### [TASK INSTRUCTIONS]
Could you write out, exactly, every line from the top of the data through the line holding "В четверг гривня"? Omit the pictures.

### [DATA BELOW]
________________________
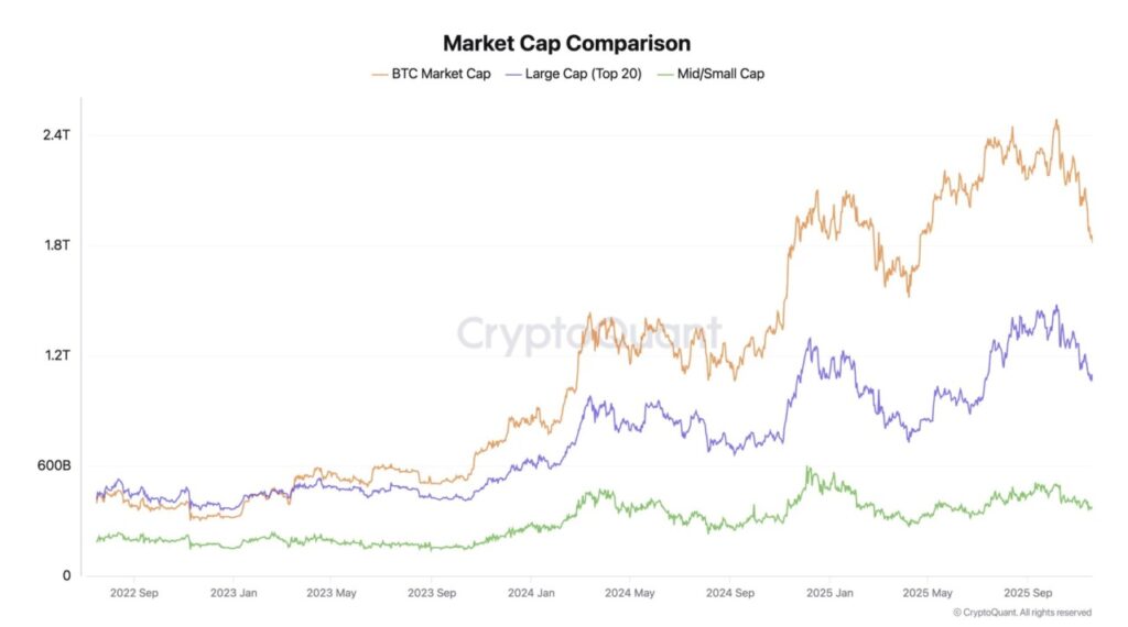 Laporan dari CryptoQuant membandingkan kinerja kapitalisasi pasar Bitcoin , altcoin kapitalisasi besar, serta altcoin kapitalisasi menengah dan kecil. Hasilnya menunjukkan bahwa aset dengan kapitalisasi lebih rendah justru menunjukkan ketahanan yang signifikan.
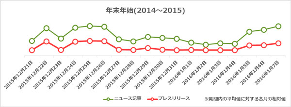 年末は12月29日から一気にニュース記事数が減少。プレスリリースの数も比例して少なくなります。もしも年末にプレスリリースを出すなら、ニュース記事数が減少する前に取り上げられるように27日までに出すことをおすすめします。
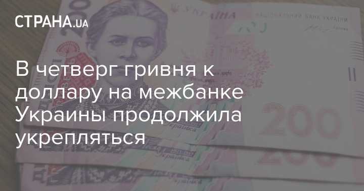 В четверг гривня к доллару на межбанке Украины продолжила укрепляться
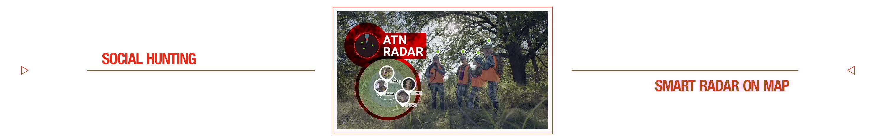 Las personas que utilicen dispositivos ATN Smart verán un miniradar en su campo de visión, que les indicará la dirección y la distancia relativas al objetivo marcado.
________________________
### [ANSWER SECTION]
 Laporan dari CryptoQuant membandingkan kinerja kapitalisasi pasar Bitcoin , altcoin kapitalisasi besar, serta altcoin kapitalisasi menengah dan kecil. Hasilnya menunjukkan bahwa aset dengan kapitalisasi lebih rendah justru menunjukkan ketahanan yang signifikan.
 年末は12月29日から一気にニュース記事数が減少。プレスリリースの数も比例して少なくなります。もしも年末にプレスリリースを出すなら、ニュース記事数が減少する前に取り上げられるように27日までに出すことをおすすめします。
 В четверг гривня к доллару на межбанке Украины продолжила укрепляться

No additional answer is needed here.